Democratic congressional majorities rushed the stimulus bill through the legislative process over the last three weeks. Republicans asserted that they were effectively shut out.
Democrats maintained that they allowed Republicans to offer amendments at the committee level and on the Senate floor. The final bill was largely influenced by a Senate compromise that passed earlier this week and brought three Republicans on board.
Obama and Capitol Hill Democrats have made the bill a centerpiece of their efforts to pull the economy out of a recession.
“It’s a plan that will ignite spending by businesses and consumers, make the investments necessary for lasting economic growth and prosperity, and save or create more than 3.5 million jobs over the next two years,” Obama said at a White House event Friday.
The bill would sharply increase spending for those who are currently jobless. It provides a nine-month, 65 percent subsidy for COBRA premiums for people who lose their jobs between September 1, 2008, and December 31, 2009. The premiums average about $1,000 a month.
The cost of the COBRA provision is $24.7 billion and is estimated to help 7 million people.
Employer groups were relieved that the final bill did not include a measure that would have expanded COBRA coverage indefinitely for workers who are 55 or older or who have been with a company for 10 or more years.
The COBRA policy that was approved might increase health care costs for employers because those who maintain coverage tend to be sicker than the average population.
On the other hand, if the unemployed have some help in paying for health care, it would increase their job-hunting options, according to John Heins, senior vice president and chief human resources officer at Spherion Corp., a Fort Lauderdale, Florida, recruiting and staffing provider.

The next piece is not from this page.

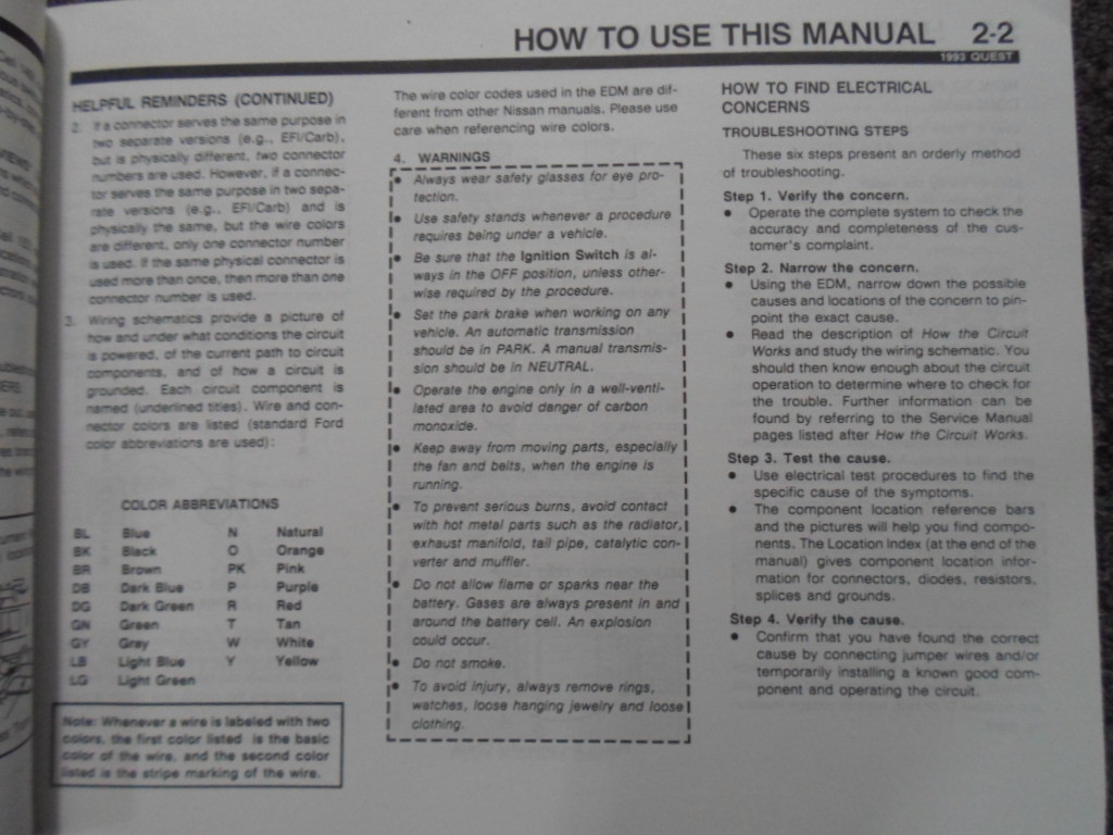 1992 Manuale diagnostico di Nissan Quest Electrical Cablaggio

“It gives them more flexibility to take nontraditional jobs like temporary or contract assignments,” Heins said.
But it’s hard to predict the effect of the COBRA subsidy. “It’s untested, and it’s unmodeled,” Heins said. “So who knows what will happen with it?”
Another way the bill helps the jobless is by extending unemployment benefits up to 33 weeks and increasing payments by $25 a week through 2009.

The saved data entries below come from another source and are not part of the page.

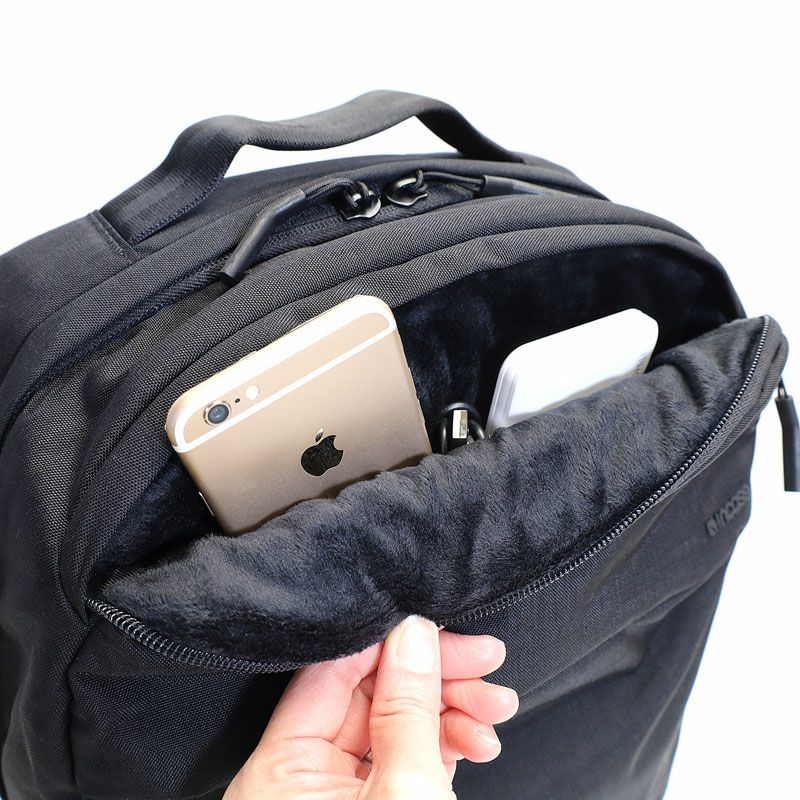 内装背面側には起毛の裏地で作られた16インチまでのノートPCを収納可能なポケットが用意されています。
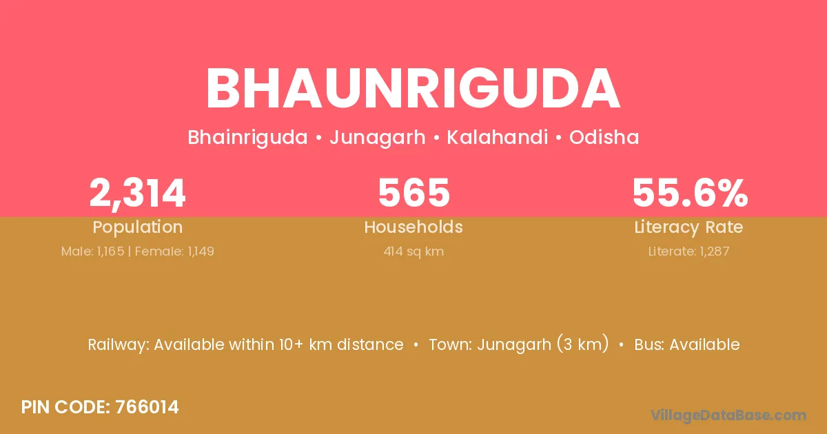 Junagarh (3 km) is the nearest town to Bhaunriguda village for major economic activities and is located approximately 3 km away.
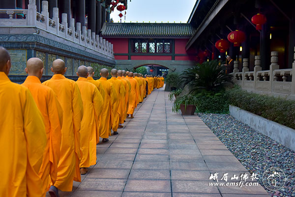 晚课毕,永寿大和尚率大佛禅院各大班首执事及两序大众向引礼师道喜并看望引礼师及新戒们的住宿情况(看单)。

The measure also ushers in changes to unemployment policy. It would provide $7 billion to states to expand coverage for low-income and part-time workers. The total spending in the stimulus bill on unemployment insurance provisions is $40 billion.
But the cost could be borne in part by employers, potentially consuming money that might otherwise support new jobs, Heins said.

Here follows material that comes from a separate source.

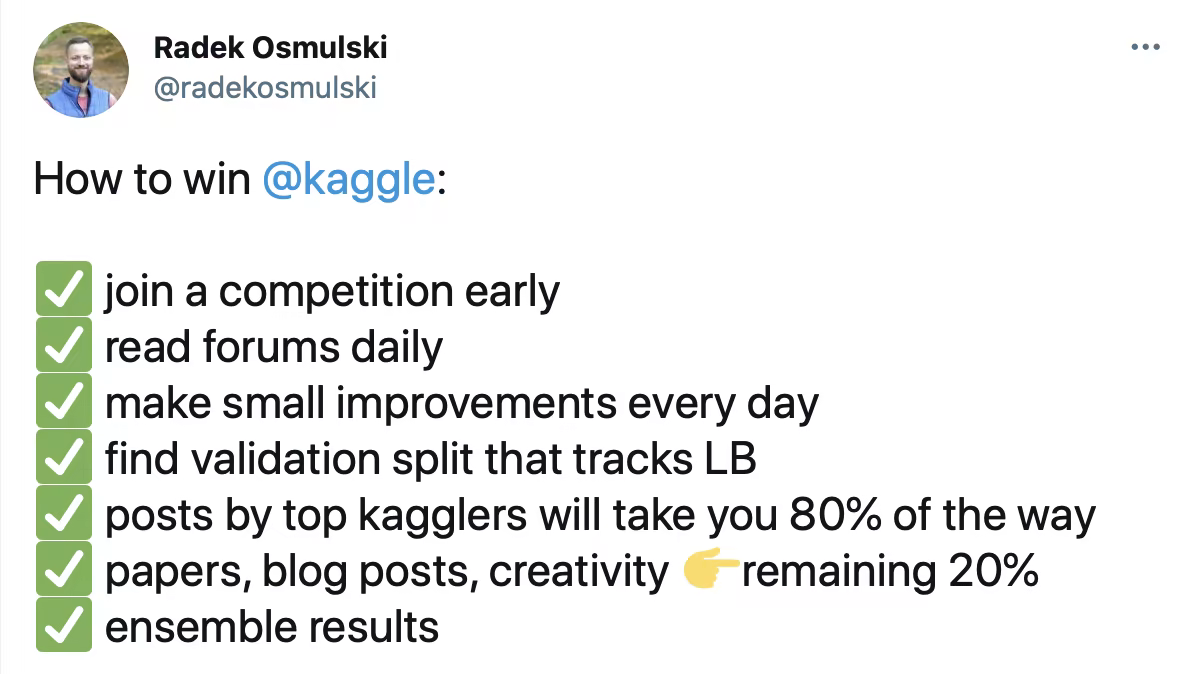 - Jeremy raises up the example of Radek Osmulski (who recently published an ebook called Meta Learning).

“Most companies only have a fixed [budget] for salaries and wages,” Heins said.
The House deliberation highlighted tension between those who argued the stimulus bill would put people to work and those who asserted it would only result in bigger government.
“The American people need action, and they need it now,” said House Speaker Nancy Pelosi, D-California. “After all the debate, this legislation can be summed up in one word: jobs.”
House Minority Leader John Boehner, R-Ohio, didn’t dispute that Congress should act to bolster the economy. But he doubted that the stimulus measure was the answer.
“A bill that was supposed to be about jobs, jobs, jobs has turned into a bill about spending, spending and spending,” Boehner said.